Oxaliplatin is a key drug in the treatment of advanced metastatic
colorectal cancer. Despite its beneficial effects in
tumor reduction, the most prevalent side-effect of
oxaliplatin treatment is a
chemotherapy-induced neuropathy that frequently forces to discontinue the
therapy. Indeed, along with direct damage to peripheral nerves, the
chemotherapy-related neurotoxicity involves also the central nervous system (CNS) as demonstrated by
pain chronicity and
cognitive impairment (also known as
chemobrain), a newly described pharmacological side effect. The presence of the blood brain barrier (BBB) is instrumental in preventing the entry of the drug into the CNS; here we tested the hypothesis that
oxaliplatin might enter the endothelial cells of the BBB vessels and trigger a signaling pathway that induce the disassembly of the tight junctions, the critical components of the BBB integrity. By using a rat brain endothelial cell line (RBE4) we investigated the signaling pathway that ensued the entry of
oxaliplatin within the cell. We found that the administration of 10 μM
oxaliplatin for 8 and 16 h induced alterations of the tight junction (TJs)

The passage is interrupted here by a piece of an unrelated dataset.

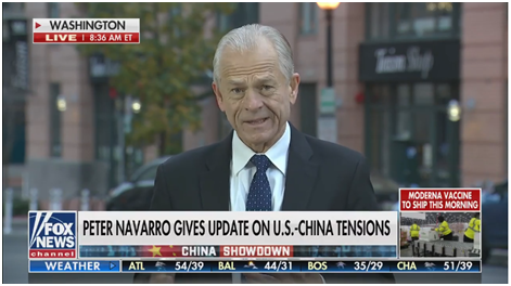 “超過20萬美國人已經死了,為什麼?”納瓦羅竟然自問自答説都是中國的錯,他進一步栽贓説,“他們不止想毀掉我們的經濟,竊取我們的知識產權,還殺害美國人,讓他們失去工作”。
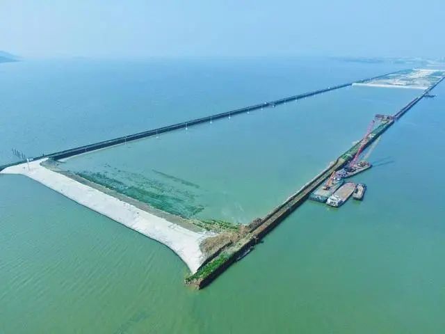 省道341线无锡马山至宜兴周铁段工程全长15.76公里,其中竺山湖隧道全长7.81公里,结构形式为两孔一管廊,两侧行车孔单孔净宽17.45米,隧道主体全宽44.1米,采用双向六车道一级公路标准建设,设计时速100公里,为全线控制性节点工程。竺山湖隧道无锡段长3.74公里,由东向西下穿竺山湖,在水域中心处与宜兴段合龙。施工采用“围堰明挖”法,从岸边向湖中逐段分仓推进,先使用钢围堰进行隔水,然后抽水进行隧道明挖施工,此后每完成一仓主体建设,便进行一仓回土、回水作业,逐仓恢复湖面。隧道顶板采取跳仓法施工,分节逐段浇筑,本节顶板长20米,宽35米,浇筑混凝土约1250立方米,浇筑时长约12小时。

proteins zonula occludens-1 (ZO-1) and of
F-actin, thus highlighting BBB alteration. Furthermore, we reported that intracellular
oxaliplatin rapidly induced increased levels of
reactive oxygen species and endoplasmic reticulum stress, assessed by the evaluation of
glucose-regulated
protein GRP78 expression levels. These events were accompanied by activation of
caspase-3 that led to extracellular
ATP release. These findings suggested a possible novel mechanism of action for
oxaliplatin toxicity that could explain, at least in part, the
chemotherapy-related central effects.